=== Records for the task ===
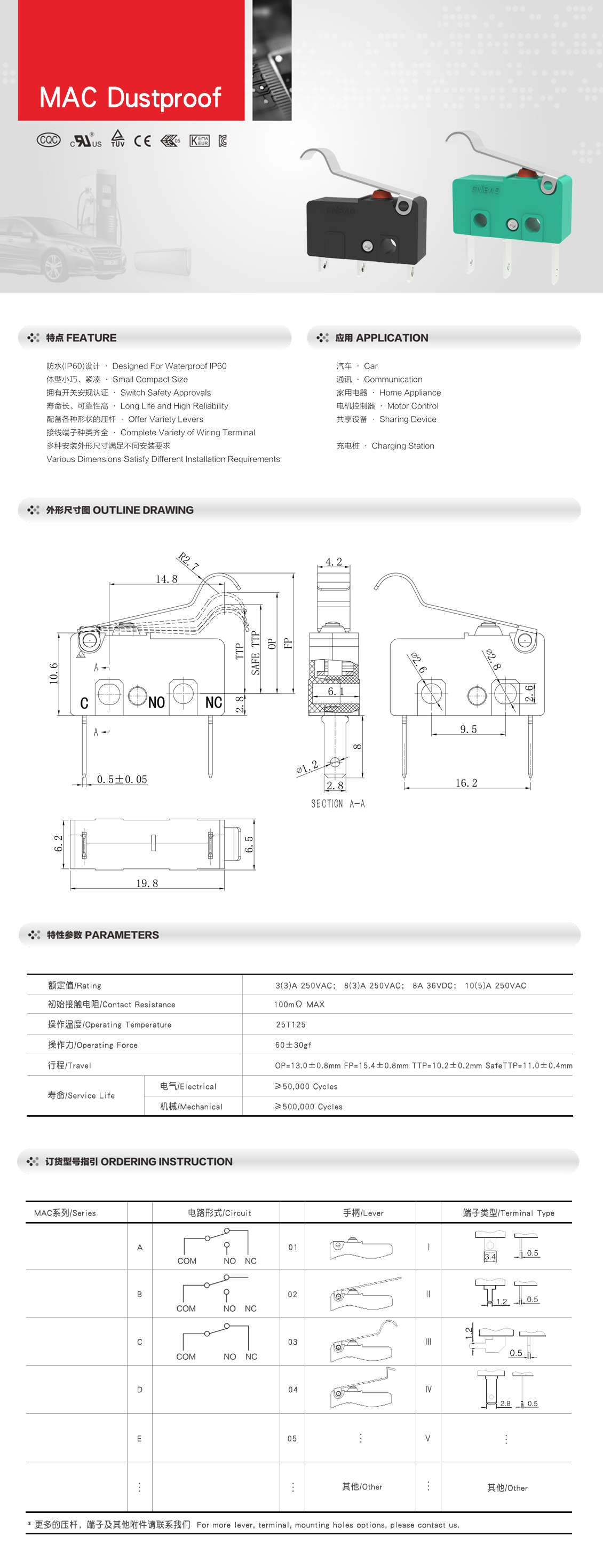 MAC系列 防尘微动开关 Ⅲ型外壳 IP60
===
=== Records for the task ===
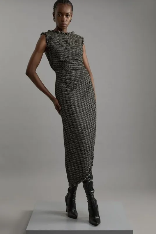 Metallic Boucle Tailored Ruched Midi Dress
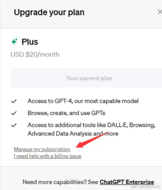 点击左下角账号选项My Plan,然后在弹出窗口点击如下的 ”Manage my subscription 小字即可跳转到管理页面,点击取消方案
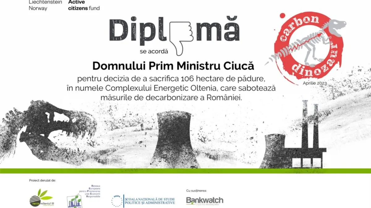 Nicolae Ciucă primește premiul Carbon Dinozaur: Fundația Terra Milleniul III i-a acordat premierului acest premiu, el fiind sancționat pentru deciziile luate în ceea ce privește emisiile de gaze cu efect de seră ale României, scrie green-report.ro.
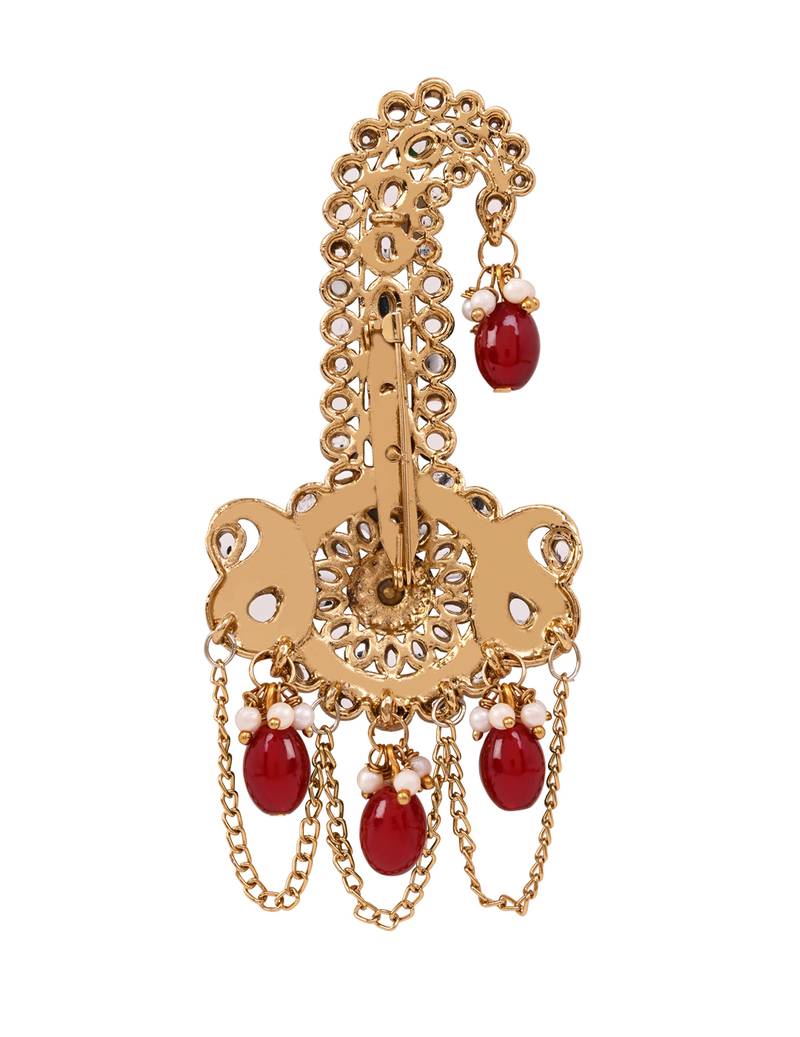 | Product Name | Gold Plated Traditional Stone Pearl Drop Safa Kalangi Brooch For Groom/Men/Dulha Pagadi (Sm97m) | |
===
=== Records for the task ===
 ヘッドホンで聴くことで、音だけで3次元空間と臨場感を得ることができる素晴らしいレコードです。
===
● Your objective: Although pictures appear among the entries, please set down only the lines from the one with "my subscription 小字即可跳转到管理页面,点击取消方案" up to and including the one with "(Sm97m) | |", word for word.

● Exercise answer:
 点击左下角账号选项My Plan,然后在弹出窗口点击如下的 ”Manage my subscription 小字即可跳转到管理页面,点击取消方案
 Nicolae Ciucă primește premiul Carbon Dinozaur: Fundația Terra Milleniul III i-a acordat premierului acest premiu, el fiind sancționat pentru deciziile luate în ceea ce privește emisiile de gaze cu efect de seră ale României, scrie green-report.ro.
 | Product Name | Gold Plated Traditional Stone Pearl Drop Safa Kalangi Brooch For Groom/Men/Dulha Pagadi (Sm97m) | |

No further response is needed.